What to produce:
Reproduce only this stretch of the listing below: from the line with "Portfel wykonany z" through the line with "CrowdStrike has demonstrated", exactly as written, with pictures excluded.

Provided data:
────────────────

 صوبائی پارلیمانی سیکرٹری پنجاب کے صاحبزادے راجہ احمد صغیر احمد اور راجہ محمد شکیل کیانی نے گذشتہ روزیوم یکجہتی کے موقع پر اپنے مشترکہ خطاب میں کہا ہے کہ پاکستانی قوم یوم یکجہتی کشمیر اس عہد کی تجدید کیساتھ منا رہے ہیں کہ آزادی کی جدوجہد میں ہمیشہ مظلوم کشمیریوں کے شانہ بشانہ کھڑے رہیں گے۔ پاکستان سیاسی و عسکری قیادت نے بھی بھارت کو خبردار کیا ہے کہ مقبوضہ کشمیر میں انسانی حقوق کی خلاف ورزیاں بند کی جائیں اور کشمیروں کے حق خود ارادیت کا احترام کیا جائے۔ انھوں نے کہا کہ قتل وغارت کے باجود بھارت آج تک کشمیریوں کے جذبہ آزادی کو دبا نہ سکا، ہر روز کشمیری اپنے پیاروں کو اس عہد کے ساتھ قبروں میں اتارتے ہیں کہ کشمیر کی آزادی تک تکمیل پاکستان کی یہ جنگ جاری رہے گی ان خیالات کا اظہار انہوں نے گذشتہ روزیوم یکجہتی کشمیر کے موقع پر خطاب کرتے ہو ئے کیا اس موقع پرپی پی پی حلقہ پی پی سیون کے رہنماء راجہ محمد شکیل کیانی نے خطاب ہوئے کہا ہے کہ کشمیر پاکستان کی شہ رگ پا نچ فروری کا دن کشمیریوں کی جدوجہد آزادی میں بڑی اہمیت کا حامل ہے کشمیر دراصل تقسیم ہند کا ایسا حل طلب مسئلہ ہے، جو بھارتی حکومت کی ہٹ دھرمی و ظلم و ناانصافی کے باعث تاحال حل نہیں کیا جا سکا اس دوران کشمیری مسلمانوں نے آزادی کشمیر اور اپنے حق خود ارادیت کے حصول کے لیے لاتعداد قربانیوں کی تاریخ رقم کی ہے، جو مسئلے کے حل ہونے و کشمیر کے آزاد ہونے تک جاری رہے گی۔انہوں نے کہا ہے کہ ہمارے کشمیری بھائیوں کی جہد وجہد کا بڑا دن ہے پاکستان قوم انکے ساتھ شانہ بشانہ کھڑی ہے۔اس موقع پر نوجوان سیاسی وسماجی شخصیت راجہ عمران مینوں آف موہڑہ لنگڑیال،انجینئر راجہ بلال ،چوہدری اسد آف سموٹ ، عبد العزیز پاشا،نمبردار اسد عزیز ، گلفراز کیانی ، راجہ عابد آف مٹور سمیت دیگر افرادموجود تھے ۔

────────────────

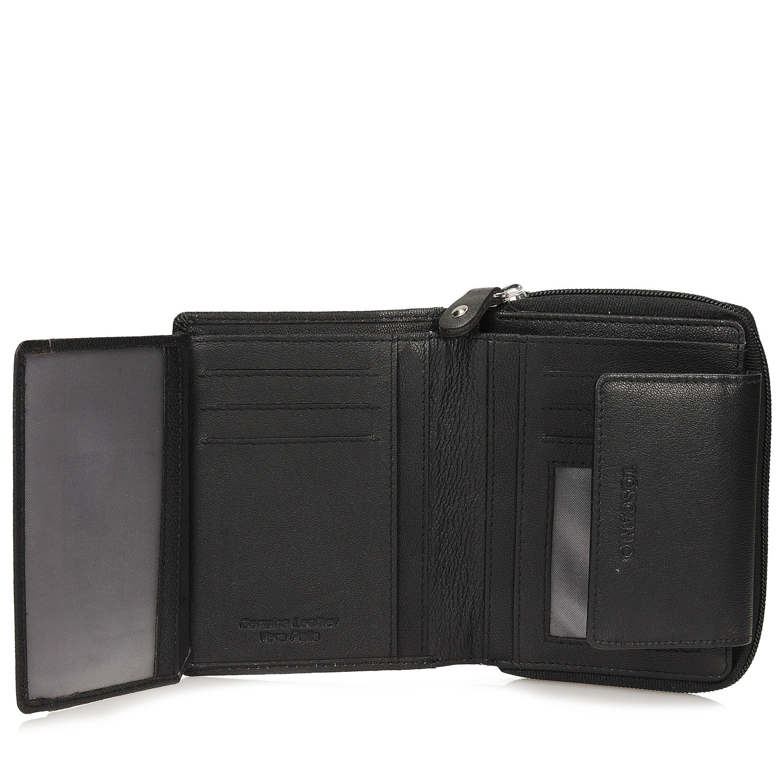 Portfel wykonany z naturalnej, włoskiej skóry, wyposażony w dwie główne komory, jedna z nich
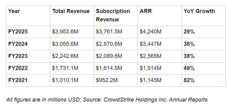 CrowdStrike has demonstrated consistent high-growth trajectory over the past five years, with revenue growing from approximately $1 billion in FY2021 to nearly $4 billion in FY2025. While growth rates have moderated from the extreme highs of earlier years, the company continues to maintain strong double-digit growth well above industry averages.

────────────────

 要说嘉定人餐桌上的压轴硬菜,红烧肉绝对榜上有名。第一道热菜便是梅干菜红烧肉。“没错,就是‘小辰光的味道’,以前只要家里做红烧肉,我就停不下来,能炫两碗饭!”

────────────────

Written answer:
 Portfel wykonany z naturalnej, włoskiej skóry, wyposażony w dwie główne komory, jedna z nich
 CrowdStrike has demonstrated consistent high-growth trajectory over the past five years, with revenue growing from approximately $1 billion in FY2021 to nearly $4 billion in FY2025. While growth rates have moderated from the extreme highs of earlier years, the company continues to maintain strong double-digit growth well above industry averages.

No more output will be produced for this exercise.